Task statement: A verbatim restatement of the data, free of pictures, is what you should output.

The records:
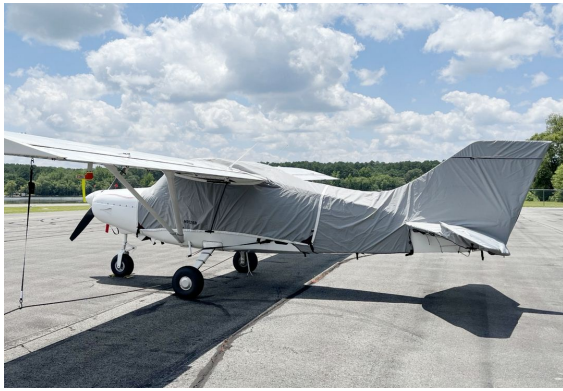
Maule MXT-7-180 Canopy & Empennage Covers, travel weight
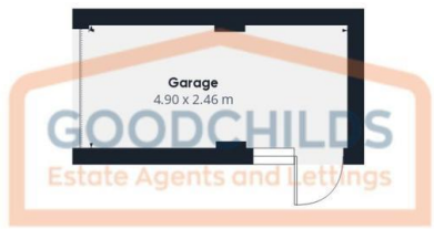
Ground floor Building 2
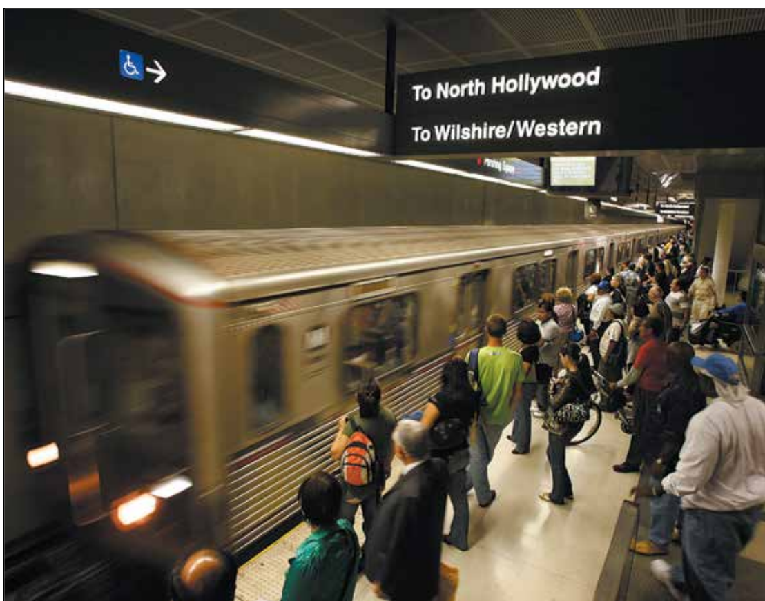
Metro reported nearly 26 million boardings on its buses and trains last month, a 9.4% increase from last year.

More than 20 million rides were taken on Metro buses, with total bus ridership in March at 85.6% of its pre-pandemic level. Metro
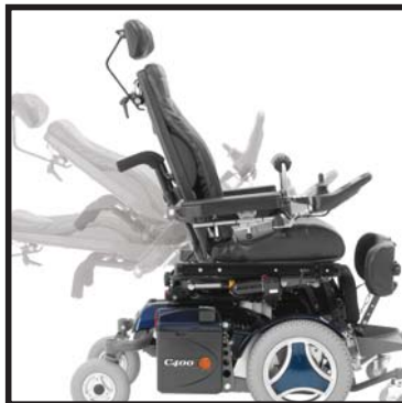
Power adjustable recline operates independently from power adjustable legrests
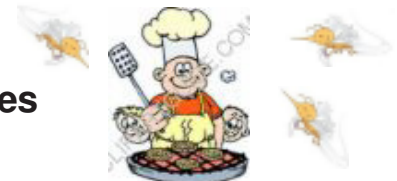
July 4 th

In this instance, there were two separate pins and the manufacturer indicated that it would cost $140 ($70 for each pin) to make the changes desired. At this point, the organization called a friend that called in a lot of "favors" to get that charge cut in half. Were it not for this intervention, the entire proposal would probably have gone down the drain because a charge would simply be too great for the organization to absorb. Even $70 is too much for a non-profit organization to absorb. Bottomline is this could have been avoided IF there had been proper organization review of the Artwork PRIOR to having the samples made.
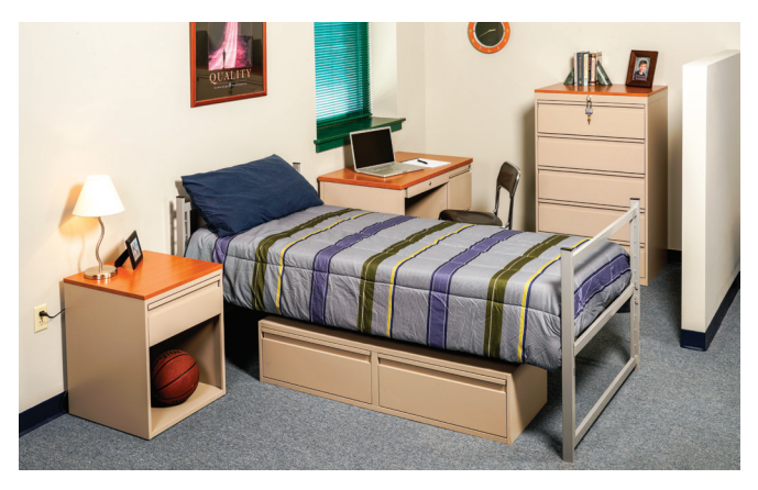
Datum® dormitory and institutional furnishings
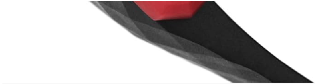
Figure 3: Side view of the watch, showing the profile of the case and the control buttons.
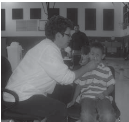
A Brantwood student receives his H1N1 shot during a vaccination clinic this past November.

Over 2000 students received the H1N1 Vaccine in their home schools during the months of November and December. Students ages 10 and up received one dose of the H1N1 vaccine and ages nine and under received two doses, one month apart. Dayton and Montgomery County Public Health provided the vaccine at no charge to all students who provided parental/guardian consent. “We immunized about 60% of
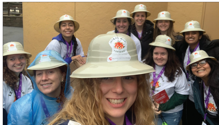
Volunteers from Seton Hall University don docent attire and safari hats as they help our guests navigate the zoo and our event.
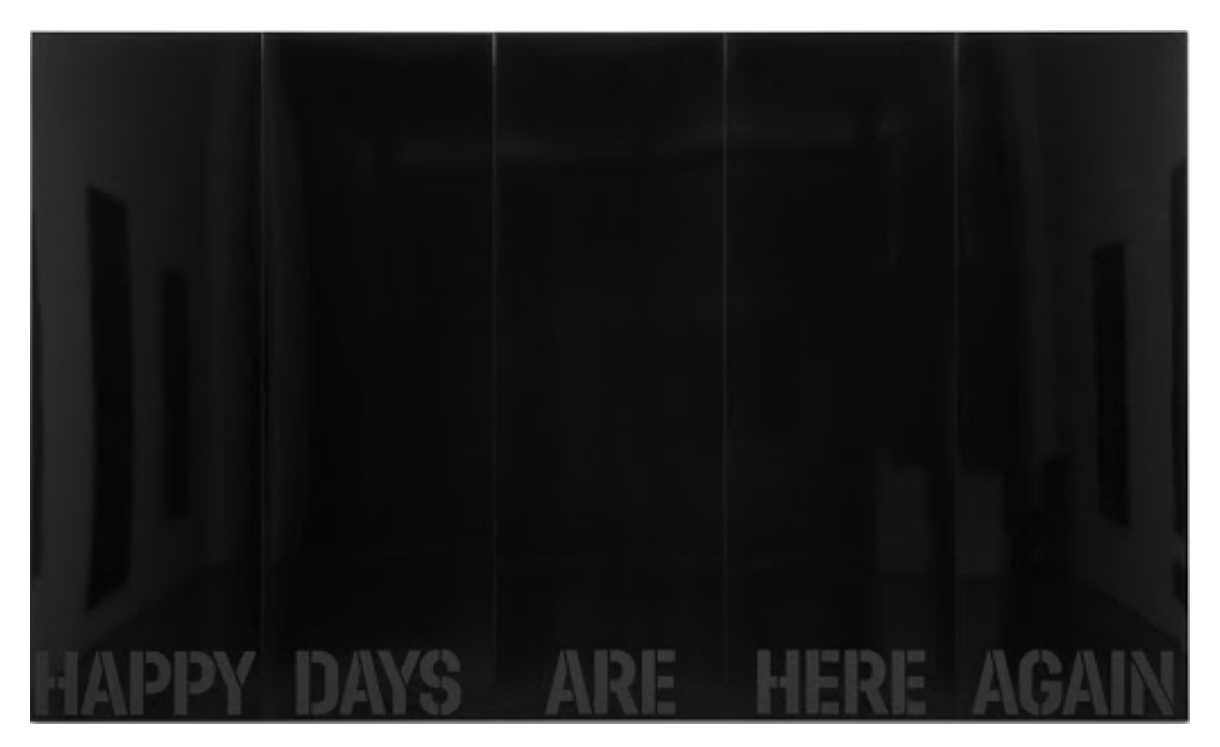
Happy Days, 2013. Oil and automotive urethane paint on canvas, 72 x 120 inches.

Answer to this task:
Maule MXT-7-180 Canopy & Empennage Covers, travel weight
Ground floor Building 2
Metro reported nearly 26 million boardings on its buses and trains last month, a 9.4% increase from last year.

More than 20 million rides were taken on Metro buses, with total bus ridership in March at 85.6% of its pre-pandemic level. Metro
Power adjustable recline operates independently from power adjustable legrests
July 4 th

In this instance, there were two separate pins and the manufacturer indicated that it would cost $140 ($70 for each pin) to make the changes desired. At this point, the organization called a friend that called in a lot of "favors" to get that charge cut in half. Were it not for this intervention, the entire proposal would probably have gone down the drain because a charge would simply be too great for the organization to absorb. Even $70 is too much for a non-profit organization to absorb. Bottomline is this could have been avoided IF there had been proper organization review of the Artwork PRIOR to having the samples made.
Datum® dormitory and institutional furnishings
Figure 3: Side view of the watch, showing the profile of the case and the control buttons.
A Brantwood student receives his H1N1 shot during a vaccination clinic this past November.

Over 2000 students received the H1N1 Vaccine in their home schools during the months of November and December. Students ages 10 and up received one dose of the H1N1 vaccine and ages nine and under received two doses, one month apart. Dayton and Montgomery County Public Health provided the vaccine at no charge to all students who provided parental/guardian consent. “We immunized about 60% of
Volunteers from Seton Hall University don docent attire and safari hats as they help our guests navigate the zoo and our event.
Happy Days, 2013. Oil and automotive urethane paint on canvas, 72 x 120 inches.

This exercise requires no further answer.